Top of Records provided
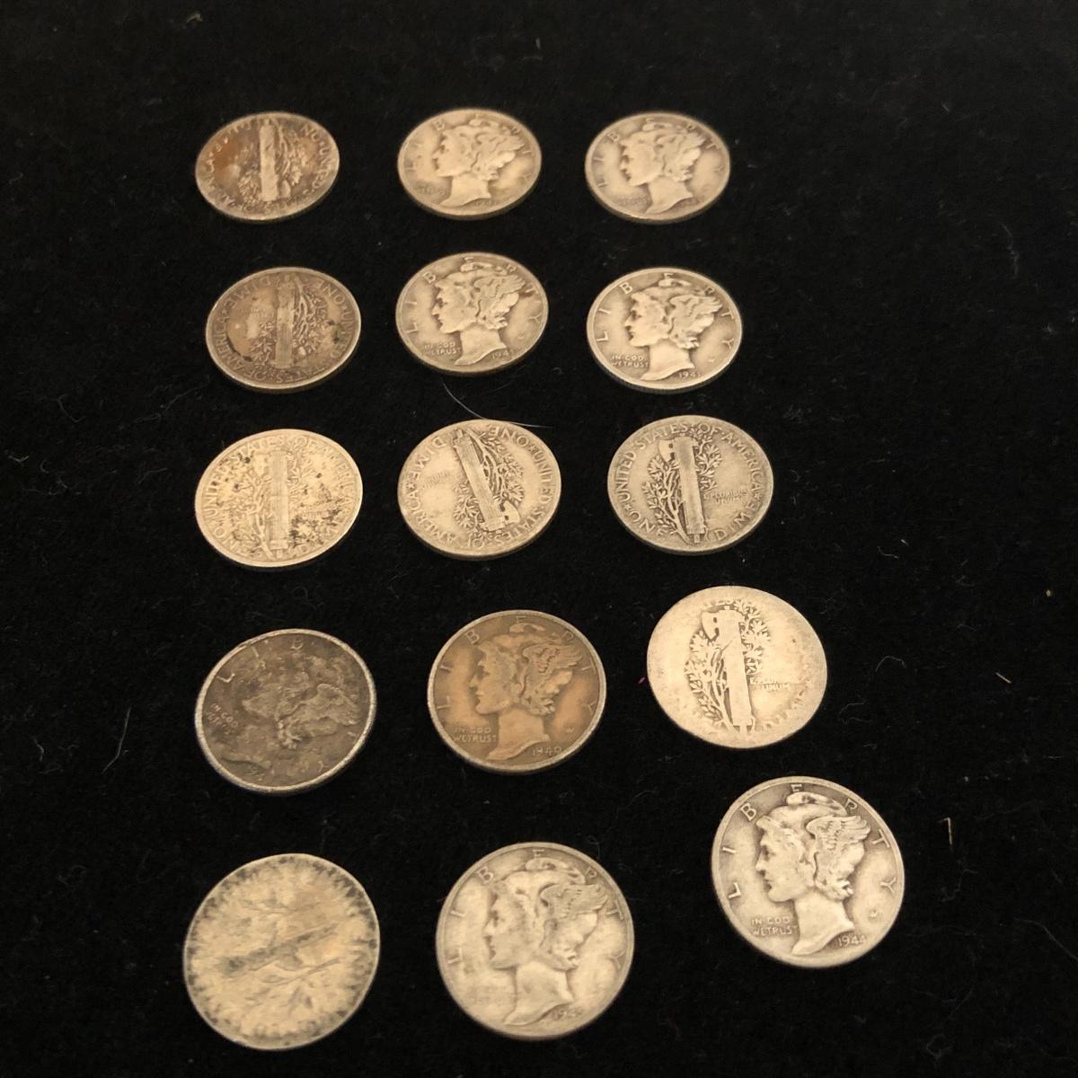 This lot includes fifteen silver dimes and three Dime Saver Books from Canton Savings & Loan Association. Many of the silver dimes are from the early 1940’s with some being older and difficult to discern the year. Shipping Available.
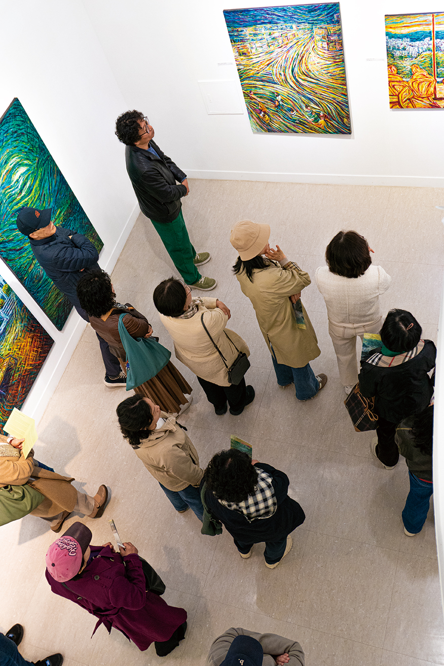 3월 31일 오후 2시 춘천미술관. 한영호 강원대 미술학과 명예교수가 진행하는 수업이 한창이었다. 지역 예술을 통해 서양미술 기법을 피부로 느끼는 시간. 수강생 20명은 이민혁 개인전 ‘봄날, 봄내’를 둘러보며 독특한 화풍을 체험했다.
Bottom of Records provided
Top of Records provided
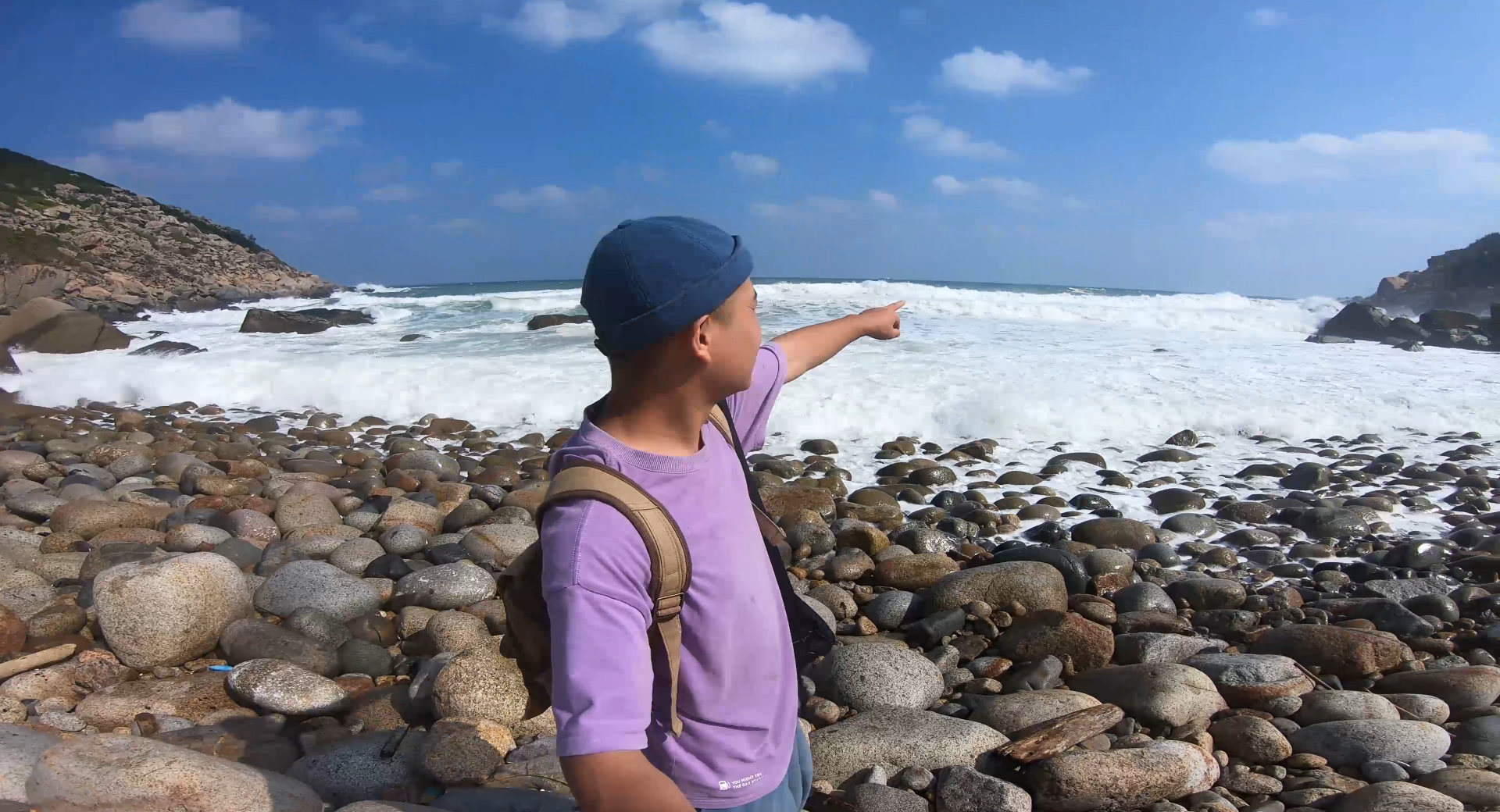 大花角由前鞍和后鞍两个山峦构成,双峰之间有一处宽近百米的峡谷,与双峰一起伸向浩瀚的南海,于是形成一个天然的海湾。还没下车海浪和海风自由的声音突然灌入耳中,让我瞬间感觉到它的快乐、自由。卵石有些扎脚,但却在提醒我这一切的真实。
Bottom of Records provided
#### Task item:
Your task is to copy only the lines above starting at the one containing "This lot includes" and ending at the one containing "3월 31일 오후 2시". Copy them exactly, both ends included, and omit the pictures.

#### Written response:
 This lot includes fifteen silver dimes and three Dime Saver Books from Canton Savings & Loan Association. Many of the silver dimes are from the early 1940’s with some being older and difficult to discern the year. Shipping Available.
 3월 31일 오후 2시 춘천미술관. 한영호 강원대 미술학과 명예교수가 진행하는 수업이 한창이었다. 지역 예술을 통해 서양미술 기법을 피부로 느끼는 시간. 수강생 20명은 이민혁 개인전 ‘봄날, 봄내’를 둘러보며 독특한 화풍을 체험했다.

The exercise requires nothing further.